◆ What needs to be done: Omit the pictures, and output the rest of the entries exactly as written.

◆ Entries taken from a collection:
※
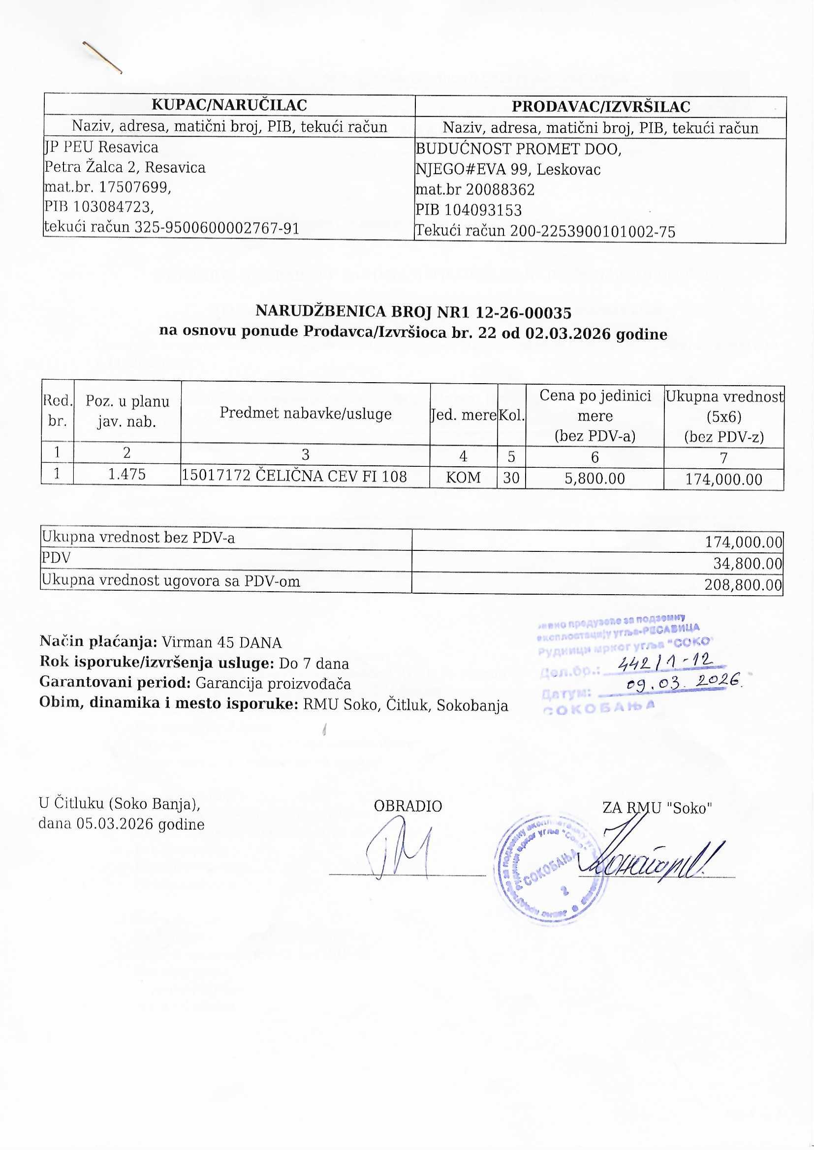 Nabavka okruglih šavnih cevi - RMU "Soko"
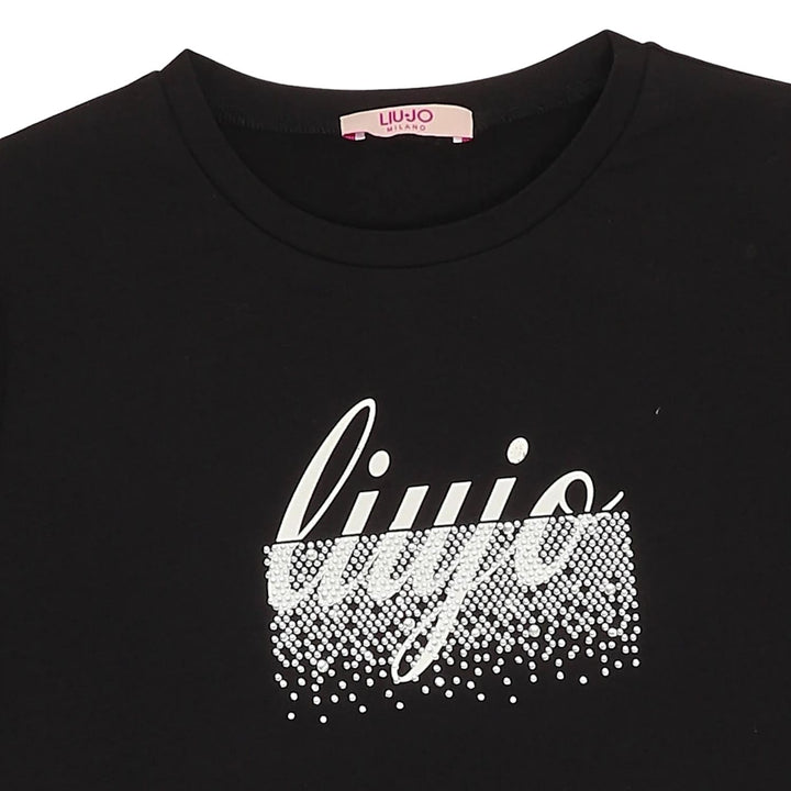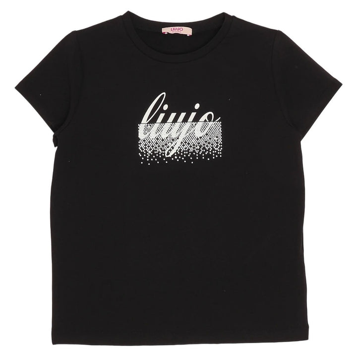 Crafted from soft cotton with a hint of stretch, this black T-shirt features a stylish logo print on the front. Designed for all-day comfort, it is a versatile piece perfect for casual wear.
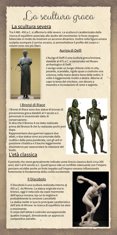Tra il 480- 450 a.C. si afferma lo stile severo. La scultura è caratterizzata dalla ricerca di equilibrio associata allo studio del movimento: le forze vengono bilanciate in modo da mostrare un accenno dinamico. Inoltre nella figura umana scolpita scompare il sorriso arcaico, si ammorbidisce il profilo del corpo e i volumi sono resi più liberi.
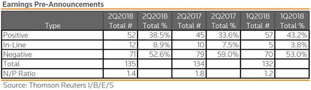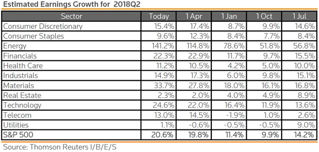 Jak se vyvíjejí odhady růstu či poklesu zisků za 2Q2018?
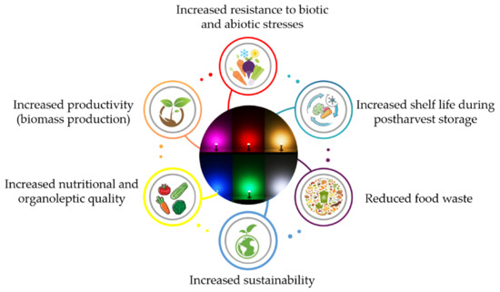 Overall, understanding the physiological responses induced by LED lights is a crucial step to regulate plant morphogenesis, enhance the nutritive value of crops, and preserve quality in postharvest fresh products. However, data from the literature are often contradictory because, over the years, many research projects focused their efforts on a few selected species or cultivars, and little is known about the comparison among closed species, more cultivars, or types of the same cultivar [22,169,200,201]. Eventually, further efforts should be devoted to including harmonized LED metrics and to comparing different light qualities and intensities in the same experimental design.
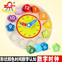QZM木质数字时钟拼图趣味模型儿童益智玩具3-7岁宝宝认识时间
※
◆ Task solution:
 Nabavka okruglih šavnih cevi - RMU "Soko"
 Crafted from soft cotton with a hint of stretch, this black T-shirt features a stylish logo print on the front. Designed for all-day comfort, it is a versatile piece perfect for casual wear.
Tra il 480- 450 a.C. si afferma lo stile severo. La scultura è caratterizzata dalla ricerca di equilibrio associata allo studio del movimento: le forze vengono bilanciate in modo da mostrare un accenno dinamico. Inoltre nella figura umana scolpita scompare il sorriso arcaico, si ammorbidisce il profilo del corpo e i volumi sono resi più liberi.
 Jak se vyvíjejí odhady růstu či poklesu zisků za 2Q2018?
 Overall, understanding the physiological responses induced by LED lights is a crucial step to regulate plant morphogenesis, enhance the nutritive value of crops, and preserve quality in postharvest fresh products. However, data from the literature are often contradictory because, over the years, many research projects focused their efforts on a few selected species or cultivars, and little is known about the comparison among closed species, more cultivars, or types of the same cultivar [22,169,200,201]. Eventually, further efforts should be devoted to including harmonized LED metrics and to comparing different light qualities and intensities in the same experimental design.
QZM木质数字时钟拼图趣味模型儿童益智玩具3-7岁宝宝认识时间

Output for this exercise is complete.